**RECORDS TO PROCESS:**
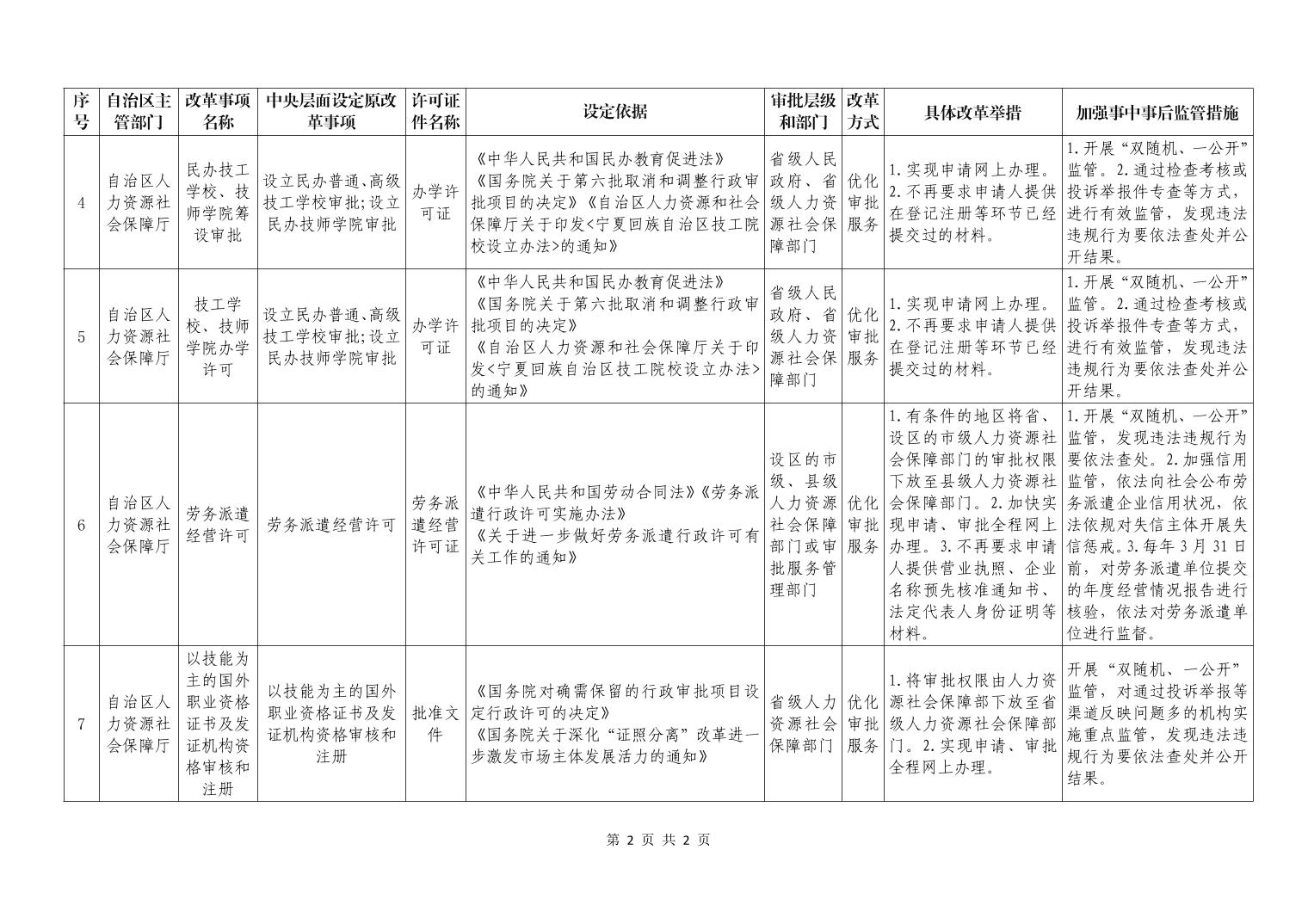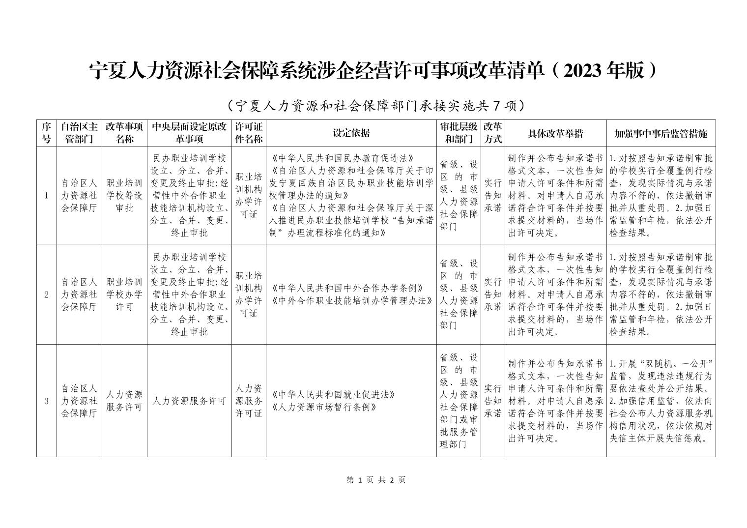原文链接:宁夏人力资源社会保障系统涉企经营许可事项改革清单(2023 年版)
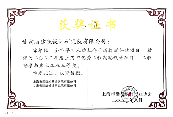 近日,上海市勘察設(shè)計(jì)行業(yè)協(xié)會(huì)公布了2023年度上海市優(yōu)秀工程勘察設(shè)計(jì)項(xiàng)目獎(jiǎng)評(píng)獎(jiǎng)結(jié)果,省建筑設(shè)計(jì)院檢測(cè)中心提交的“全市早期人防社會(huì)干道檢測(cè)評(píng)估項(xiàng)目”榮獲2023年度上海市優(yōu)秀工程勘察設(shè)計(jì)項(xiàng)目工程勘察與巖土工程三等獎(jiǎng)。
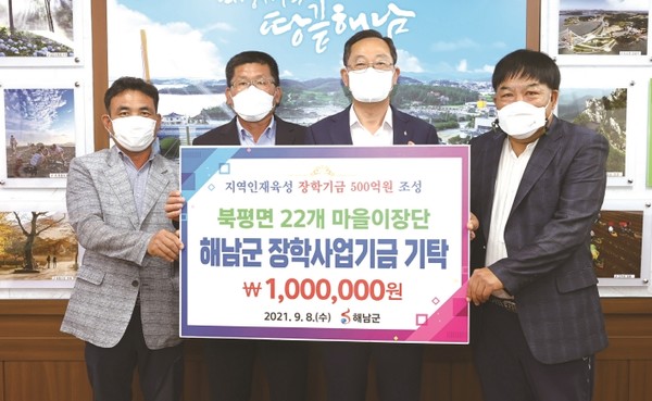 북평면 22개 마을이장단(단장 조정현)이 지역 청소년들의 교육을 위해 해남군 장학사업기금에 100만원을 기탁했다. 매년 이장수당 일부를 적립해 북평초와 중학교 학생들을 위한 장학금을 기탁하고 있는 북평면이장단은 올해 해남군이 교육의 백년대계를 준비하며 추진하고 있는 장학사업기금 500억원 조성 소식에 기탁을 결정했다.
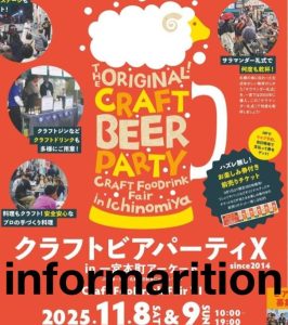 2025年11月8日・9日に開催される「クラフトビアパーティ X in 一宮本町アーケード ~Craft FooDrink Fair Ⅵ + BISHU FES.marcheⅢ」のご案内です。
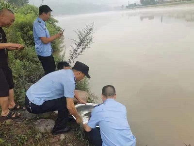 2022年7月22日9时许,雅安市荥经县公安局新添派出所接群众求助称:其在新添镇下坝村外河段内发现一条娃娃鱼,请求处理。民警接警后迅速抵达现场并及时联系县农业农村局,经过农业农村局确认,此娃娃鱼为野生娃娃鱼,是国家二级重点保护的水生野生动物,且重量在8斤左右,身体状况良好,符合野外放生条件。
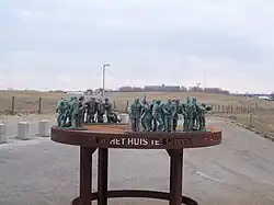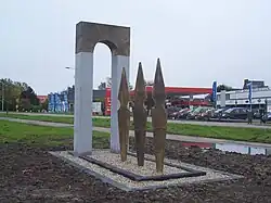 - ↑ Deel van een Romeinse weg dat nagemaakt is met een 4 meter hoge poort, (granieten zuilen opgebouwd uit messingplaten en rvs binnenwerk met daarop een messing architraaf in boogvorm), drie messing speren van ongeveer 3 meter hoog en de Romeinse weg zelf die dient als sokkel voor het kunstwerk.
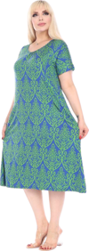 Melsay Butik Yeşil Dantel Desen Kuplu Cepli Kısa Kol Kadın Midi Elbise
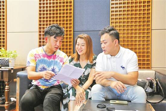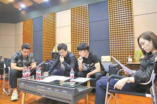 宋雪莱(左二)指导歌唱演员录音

**WHAT THE EXERCISE ASKS:** Each line from the one that contains "- ↑ Deel van" to the end of the listing must be quoted exactly; no other line and no picture belongs in the copy.

**EXPECTED ANSWER:**
 - ↑ Deel van een Romeinse weg dat nagemaakt is met een 4 meter hoge poort, (granieten zuilen opgebouwd uit messingplaten en rvs binnenwerk met daarop een messing architraaf in boogvorm), drie messing speren van ongeveer 3 meter hoog en de Romeinse weg zelf die dient als sokkel voor het kunstwerk.
 Melsay Butik Yeşil Dantel Desen Kuplu Cepli Kısa Kol Kadın Midi Elbise
 宋雪莱(左二)指导歌唱演员录音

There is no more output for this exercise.